# Kodiak taken with a bow, tell me what you think.



## 056 kid (Jan 3, 2010)

I was fooling around on the youtube when I watched this clip, mind that I had the sound off so i didn't hear any of what was being said(probably not much), but to me, this here seems alittle over the top.

http://www.youtube.com/watch?v=pPQK8aVbZHA

The bow hunter's friend has a rifle, but no one bothers to properly kill the animal, instead they just let him slowly bleed out while trying not to drown in a pool he went into after being arrowed a multitude of times.
The title kind of tells the story that Mr. bow hunter knows that his killing skills are sub-par at best..
Do you agree with his way of killing the bear?


----------



## kentuckyblue (Jan 3, 2010)

thats a clean shot why they shot 2-3 more i dont know but that bear was going to die with just the one arrow and if you are trying to get in the pope and young record book it has to be killed with a bow,the guy with the gun can only shot if they get attacked by the bear,and you cant shot a bear with a gun in bow season


----------



## 056 kid (Jan 3, 2010)

See, I knew it would be somthing, makes alittle more sence now.

I just aint a big fan of compound bows, If you feel the urge to get a record with a bow, you might as well go all out and make a bow from scratch like the indians & old old timers did...


----------



## stihl sawing (Jan 3, 2010)

Only thing i can say about it is, I ain't goin after him untill he takes the final sleep.

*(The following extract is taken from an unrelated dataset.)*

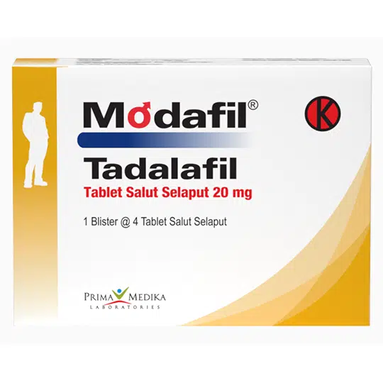 Modafil 20 mg 4 Tablet adalah obat yang mengandung Tadalafil. Tadalafil merupakan kandungan zat aktif yang termasuk golongan inhibitor PDE5. Obat ini digunakan untuk membantu mengatasi disfungsi ereksi pada pria, meredakan gejala pembesaran prostat jinak (benign prostatic hyperplasia/BPH), serta pada beberapa kasus digunakan dalam penanganan hipertensi arteri paru (PAH).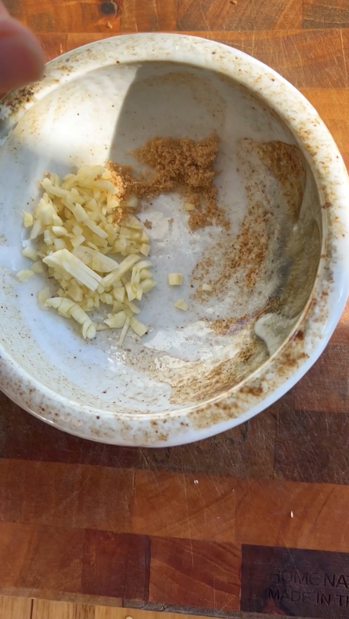 Make the sauce by combining minced garlic, brown sugar, lime juice, dark soy sauce, fish sauce, Thai chili, and garlic chili sauce. Stir until the sugar dissolves and adjust spice to taste.

A wounded animal is much more dangerous.


----------



## spencerhenry (Jan 4, 2010)

i am a lifelong bowhunter. never taken a bear with a bow, but i someday wish to take a brown bear. the hunter made a perfect shot on the first shot. i have a policy regardless of what kind of animal i am after, or if i am after him with a bow or a gun. that policy is to shoot put another arrow or bullet into the animal until it is DOWN. there is always the possibility that the first one didnt go exactly where you thought. i have lost more than one animal when i thought the hit was good, and he got up and ran off. it has happened with a bow, and a rifle. arrows are expensive, but i would rather throw $20 or $30 at him and make sure.


----------



## ShoerFast (Jan 4, 2010)

Good hunt! 

That's what it's all about! 

The friend is a Guide, only way there is to hunt Brown Bears. 

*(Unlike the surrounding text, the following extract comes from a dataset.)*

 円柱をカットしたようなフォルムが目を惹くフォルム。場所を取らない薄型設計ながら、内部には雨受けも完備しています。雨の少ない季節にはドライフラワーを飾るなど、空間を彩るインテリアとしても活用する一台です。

Bears fat can be a problem bleeding them out, if there is another chance by all means another arrow. Archery is perhaps the most humane way a bear can die, with a real lot of risk to the hunter/guide and cameraman in this case. 

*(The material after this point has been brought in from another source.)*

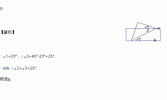 如图,把一块含有45°角的直角三角板的两个顶点放在直尺的对边上,如果∠1=20°,那么∠2等于( )

I enjoyed that clip, the hunt came together very well.


----------



## 056 kid (Jan 4, 2010)

ShoerFast said:


> Good hunt!
> 
> Archery is perhaps the most humane way a bear can die,
> QUOTE]
> ...


----------



## sbhooper (Jan 5, 2010)

There is far more painful damage done by a bullet. Often an animal hit with an arrow just walks off looking around like he can't figure out what bit him and then just tips over. When you shave, you hardly feel it when you get cut by the super-sharp blade. A sharp broadhead is no different. It is very humane and often kills more quickly than a rifle shot. A bad shot is a bad shot no matter what the animal is shot with, but a good bow shot will always do its job.


----------